> Your task: Begin at the line containing "新闻中心讯/6月7日下午,校" in the entries below and end at the line containing "GOODFELLOW AIR FORCE"; transcribe that range exactly and nothing outside it.

> Study material:
★ ★ ★ ★ ★
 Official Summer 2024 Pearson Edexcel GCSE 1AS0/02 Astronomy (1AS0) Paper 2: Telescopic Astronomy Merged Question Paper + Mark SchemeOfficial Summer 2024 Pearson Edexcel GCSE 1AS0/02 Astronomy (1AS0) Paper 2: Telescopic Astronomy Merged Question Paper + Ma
★ ★ ★ ★ ★
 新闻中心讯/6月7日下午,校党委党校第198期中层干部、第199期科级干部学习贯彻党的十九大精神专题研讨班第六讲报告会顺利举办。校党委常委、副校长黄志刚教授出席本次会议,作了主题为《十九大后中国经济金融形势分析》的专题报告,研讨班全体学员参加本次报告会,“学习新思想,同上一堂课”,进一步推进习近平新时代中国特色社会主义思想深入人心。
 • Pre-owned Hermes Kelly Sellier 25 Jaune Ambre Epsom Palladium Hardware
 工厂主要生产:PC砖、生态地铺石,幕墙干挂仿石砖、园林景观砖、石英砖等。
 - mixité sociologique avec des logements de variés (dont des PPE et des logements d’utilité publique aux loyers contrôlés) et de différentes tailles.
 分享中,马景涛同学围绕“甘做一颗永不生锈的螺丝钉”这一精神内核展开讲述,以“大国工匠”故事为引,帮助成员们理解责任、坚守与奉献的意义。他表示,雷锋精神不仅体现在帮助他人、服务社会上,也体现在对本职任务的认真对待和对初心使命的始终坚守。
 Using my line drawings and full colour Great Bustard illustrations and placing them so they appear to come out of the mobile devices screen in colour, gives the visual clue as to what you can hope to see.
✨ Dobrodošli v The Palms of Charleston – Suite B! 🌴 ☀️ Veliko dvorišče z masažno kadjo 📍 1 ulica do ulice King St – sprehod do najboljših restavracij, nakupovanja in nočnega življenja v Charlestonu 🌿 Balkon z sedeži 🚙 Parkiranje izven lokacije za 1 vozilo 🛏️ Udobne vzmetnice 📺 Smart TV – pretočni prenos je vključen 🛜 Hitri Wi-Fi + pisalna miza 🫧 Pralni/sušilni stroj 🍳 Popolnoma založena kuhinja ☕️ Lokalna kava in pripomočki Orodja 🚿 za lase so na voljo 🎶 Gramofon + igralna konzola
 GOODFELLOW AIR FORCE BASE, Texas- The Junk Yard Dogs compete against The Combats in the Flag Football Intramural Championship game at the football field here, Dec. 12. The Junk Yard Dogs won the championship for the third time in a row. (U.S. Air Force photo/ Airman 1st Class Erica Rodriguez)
★ ★ ★ ★ ★
> Answer section:
 新闻中心讯/6月7日下午,校党委党校第198期中层干部、第199期科级干部学习贯彻党的十九大精神专题研讨班第六讲报告会顺利举办。校党委常委、副校长黄志刚教授出席本次会议,作了主题为《十九大后中国经济金融形势分析》的专题报告,研讨班全体学员参加本次报告会,“学习新思想,同上一堂课”,进一步推进习近平新时代中国特色社会主义思想深入人心。
 • Pre-owned Hermes Kelly Sellier 25 Jaune Ambre Epsom Palladium Hardware
 工厂主要生产:PC砖、生态地铺石,幕墙干挂仿石砖、园林景观砖、石英砖等。
 - mixité sociologique avec des logements de variés (dont des PPE et des logements d’utilité publique aux loyers contrôlés) et de différentes tailles.
 分享中,马景涛同学围绕“甘做一颗永不生锈的螺丝钉”这一精神内核展开讲述,以“大国工匠”故事为引,帮助成员们理解责任、坚守与奉献的意义。他表示,雷锋精神不仅体现在帮助他人、服务社会上,也体现在对本职任务的认真对待和对初心使命的始终坚守。
 Using my line drawings and full colour Great Bustard illustrations and placing them so they appear to come out of the mobile devices screen in colour, gives the visual clue as to what you can hope to see.
✨ Dobrodošli v The Palms of Charleston – Suite B! 🌴 ☀️ Veliko dvorišče z masažno kadjo 📍 1 ulica do ulice King St – sprehod do najboljših restavracij, nakupovanja in nočnega življenja v Charlestonu 🌿 Balkon z sedeži 🚙 Parkiranje izven lokacije za 1 vozilo 🛏️ Udobne vzmetnice 📺 Smart TV – pretočni prenos je vključen 🛜 Hitri Wi-Fi + pisalna miza 🫧 Pralni/sušilni stroj 🍳 Popolnoma založena kuhinja ☕️ Lokalna kava in pripomočki Orodja 🚿 za lase so na voljo 🎶 Gramofon + igralna konzola
 GOODFELLOW AIR FORCE BASE, Texas- The Junk Yard Dogs compete against The Combats in the Flag Football Intramural Championship game at the football field here, Dec. 12. The Junk Yard Dogs won the championship for the third time in a row. (U.S. Air Force photo/ Airman 1st Class Erica Rodriguez)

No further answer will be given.